Data listing: Begin

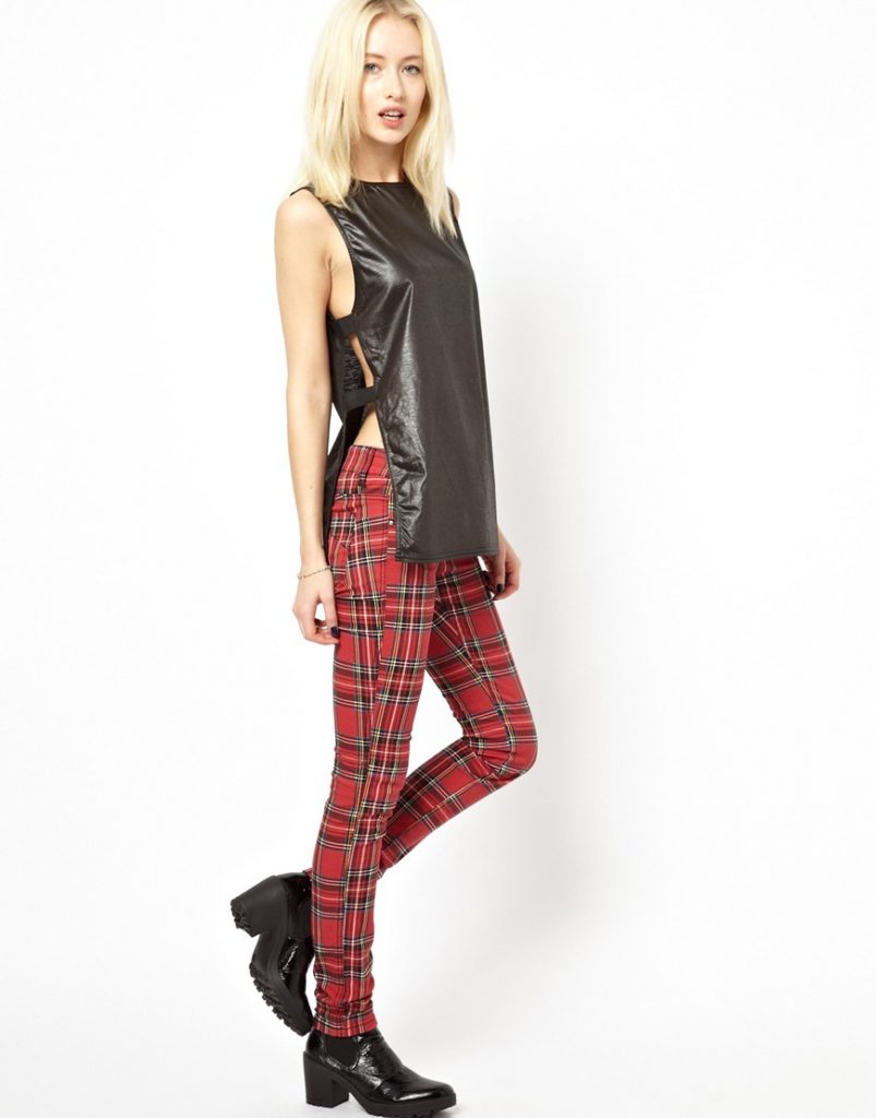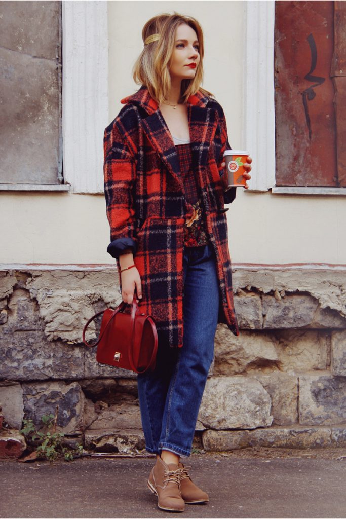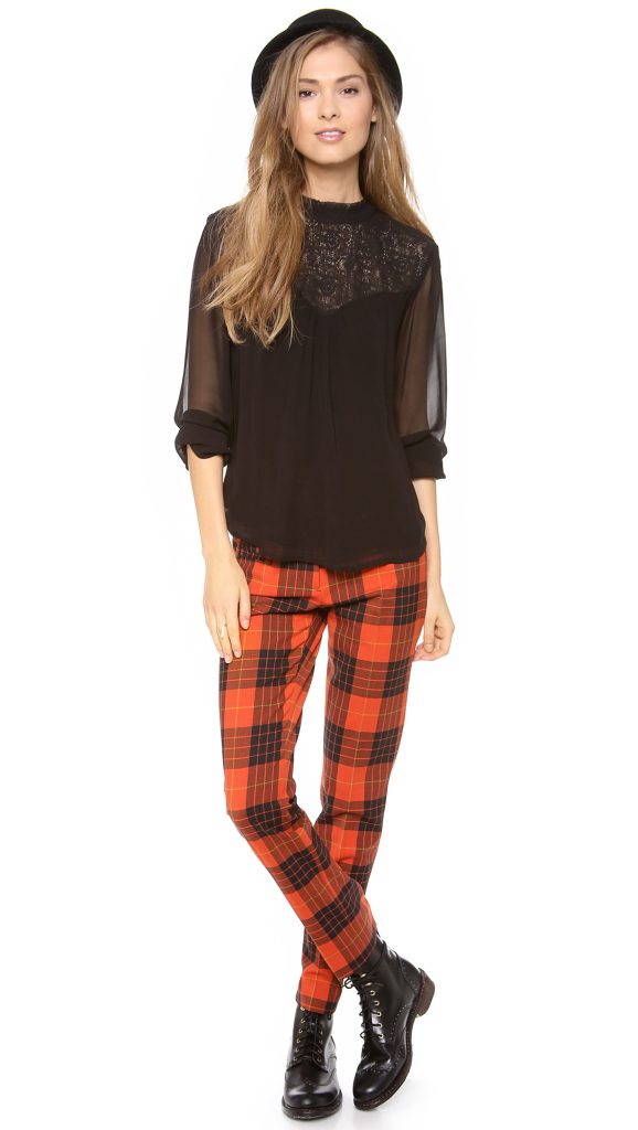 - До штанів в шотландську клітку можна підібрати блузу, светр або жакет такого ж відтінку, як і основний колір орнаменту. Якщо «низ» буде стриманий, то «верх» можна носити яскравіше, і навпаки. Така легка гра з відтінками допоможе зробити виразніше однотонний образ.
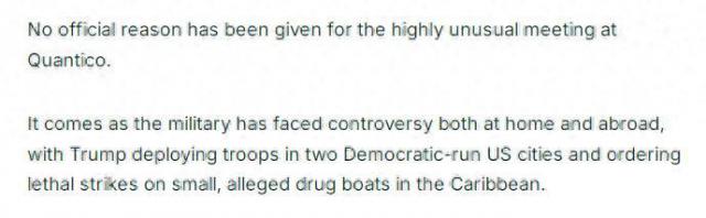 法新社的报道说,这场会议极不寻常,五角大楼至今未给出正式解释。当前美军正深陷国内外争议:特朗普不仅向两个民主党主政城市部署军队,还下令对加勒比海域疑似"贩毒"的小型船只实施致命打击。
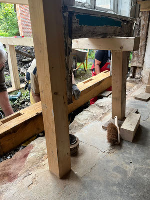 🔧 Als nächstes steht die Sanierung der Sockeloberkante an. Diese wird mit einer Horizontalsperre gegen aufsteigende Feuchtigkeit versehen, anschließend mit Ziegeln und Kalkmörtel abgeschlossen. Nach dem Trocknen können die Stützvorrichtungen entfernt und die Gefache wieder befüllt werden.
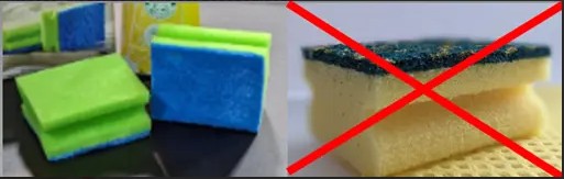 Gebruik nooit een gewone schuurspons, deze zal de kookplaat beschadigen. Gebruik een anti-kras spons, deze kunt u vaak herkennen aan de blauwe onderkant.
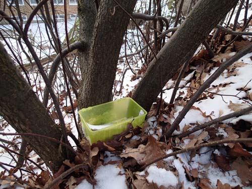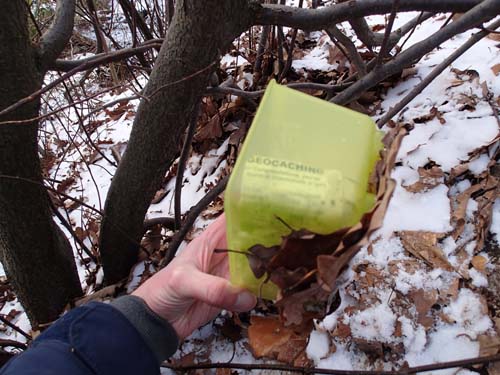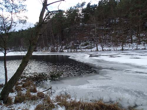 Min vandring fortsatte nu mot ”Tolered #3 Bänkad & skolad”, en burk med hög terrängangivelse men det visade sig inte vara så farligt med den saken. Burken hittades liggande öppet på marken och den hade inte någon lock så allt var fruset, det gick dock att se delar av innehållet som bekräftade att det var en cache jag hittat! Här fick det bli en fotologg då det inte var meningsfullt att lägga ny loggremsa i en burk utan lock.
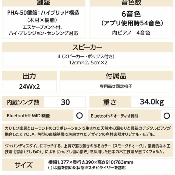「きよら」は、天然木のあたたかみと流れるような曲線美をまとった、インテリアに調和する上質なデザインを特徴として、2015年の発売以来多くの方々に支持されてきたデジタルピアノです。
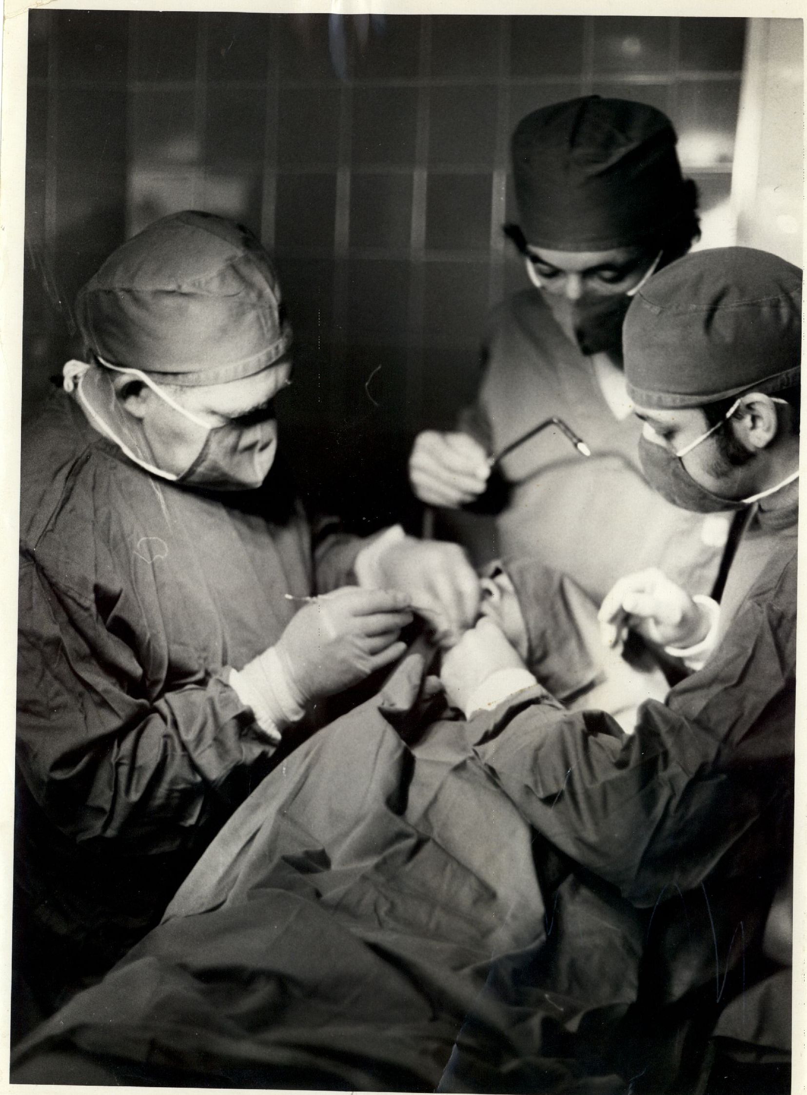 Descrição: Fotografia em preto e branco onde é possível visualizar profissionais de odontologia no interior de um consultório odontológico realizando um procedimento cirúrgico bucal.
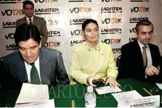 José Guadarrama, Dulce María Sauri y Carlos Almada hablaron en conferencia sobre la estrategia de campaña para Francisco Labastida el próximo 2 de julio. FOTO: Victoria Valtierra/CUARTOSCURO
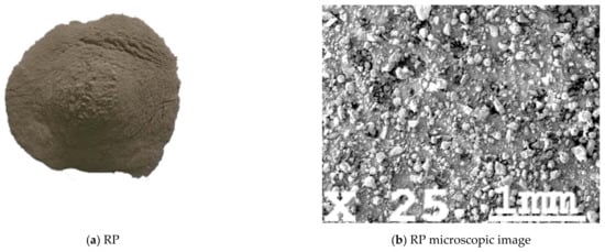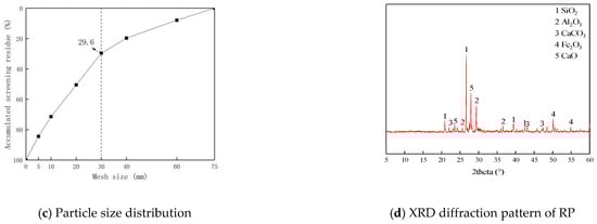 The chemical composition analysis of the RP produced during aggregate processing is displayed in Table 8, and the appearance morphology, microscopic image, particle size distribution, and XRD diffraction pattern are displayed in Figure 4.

Data listing: End
Data listing: Begin

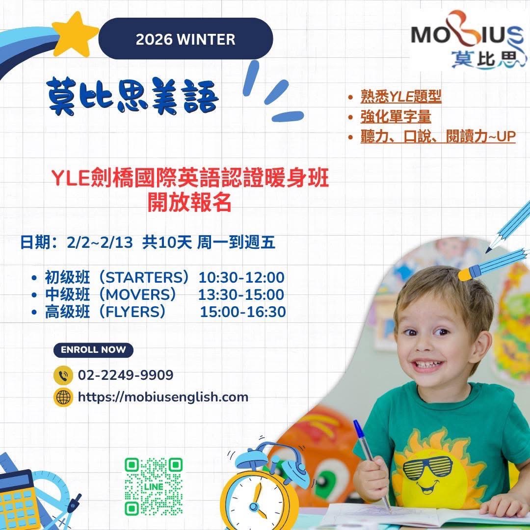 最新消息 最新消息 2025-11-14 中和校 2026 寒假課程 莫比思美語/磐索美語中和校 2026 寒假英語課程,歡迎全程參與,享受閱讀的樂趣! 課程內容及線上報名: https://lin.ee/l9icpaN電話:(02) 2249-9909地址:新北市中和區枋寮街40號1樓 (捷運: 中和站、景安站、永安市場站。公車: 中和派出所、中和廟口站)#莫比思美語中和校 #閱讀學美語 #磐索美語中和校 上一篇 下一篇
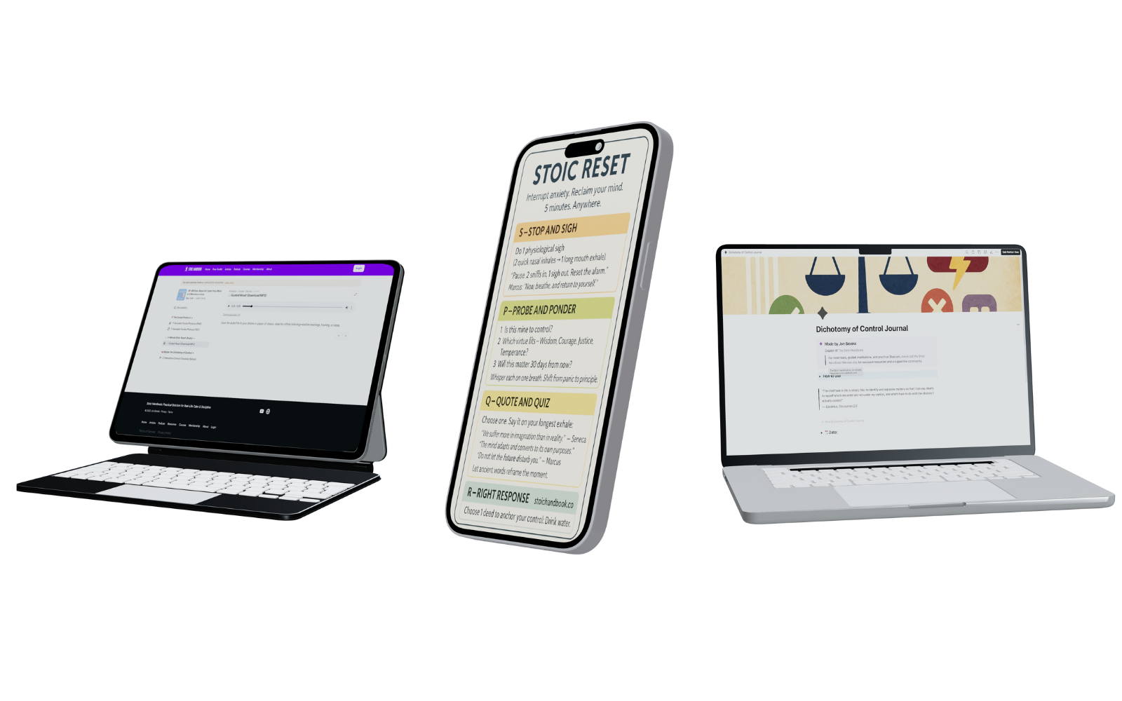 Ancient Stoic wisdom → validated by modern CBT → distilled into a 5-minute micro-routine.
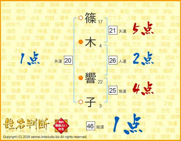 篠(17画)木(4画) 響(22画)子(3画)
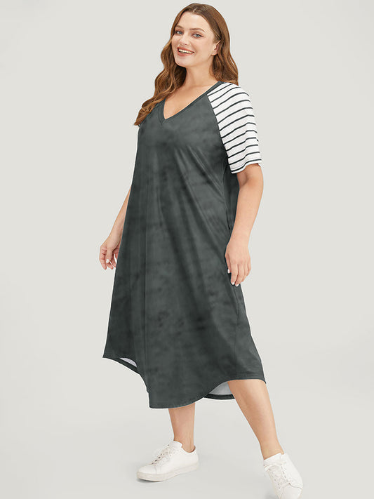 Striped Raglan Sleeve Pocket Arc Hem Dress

Data listing: End

Look above for the line with "- До штанів" and the line with "The chemical composition", then copy them and all lines in between exactly as written, and only those, without any pictures.

 - До штанів в шотландську клітку можна підібрати блузу, светр або жакет такого ж відтінку, як і основний колір орнаменту. Якщо «низ» буде стриманий, то «верх» можна носити яскравіше, і навпаки. Така легка гра з відтінками допоможе зробити виразніше однотонний образ.
 法新社的报道说,这场会议极不寻常,五角大楼至今未给出正式解释。当前美军正深陷国内外争议:特朗普不仅向两个民主党主政城市部署军队,还下令对加勒比海域疑似"贩毒"的小型船只实施致命打击。
 🔧 Als nächstes steht die Sanierung der Sockeloberkante an. Diese wird mit einer Horizontalsperre gegen aufsteigende Feuchtigkeit versehen, anschließend mit Ziegeln und Kalkmörtel abgeschlossen. Nach dem Trocknen können die Stützvorrichtungen entfernt und die Gefache wieder befüllt werden.
 Gebruik nooit een gewone schuurspons, deze zal de kookplaat beschadigen. Gebruik een anti-kras spons, deze kunt u vaak herkennen aan de blauwe onderkant.
 Min vandring fortsatte nu mot ”Tolered #3 Bänkad & skolad”, en burk med hög terrängangivelse men det visade sig inte vara så farligt med den saken. Burken hittades liggande öppet på marken och den hade inte någon lock så allt var fruset, det gick dock att se delar av innehållet som bekräftade att det var en cache jag hittat! Här fick det bli en fotologg då det inte var meningsfullt att lägga ny loggremsa i en burk utan lock.
「きよら」は、天然木のあたたかみと流れるような曲線美をまとった、インテリアに調和する上質なデザインを特徴として、2015年の発売以来多くの方々に支持されてきたデジタルピアノです。
 Descrição: Fotografia em preto e branco onde é possível visualizar profissionais de odontologia no interior de um consultório odontológico realizando um procedimento cirúrgico bucal.
 José Guadarrama, Dulce María Sauri y Carlos Almada hablaron en conferencia sobre la estrategia de campaña para Francisco Labastida el próximo 2 de julio. FOTO: Victoria Valtierra/CUARTOSCURO
 The chemical composition analysis of the RP produced during aggregate processing is displayed in Table 8, and the appearance morphology, microscopic image, particle size distribution, and XRD diffraction pattern are displayed in Figure 4.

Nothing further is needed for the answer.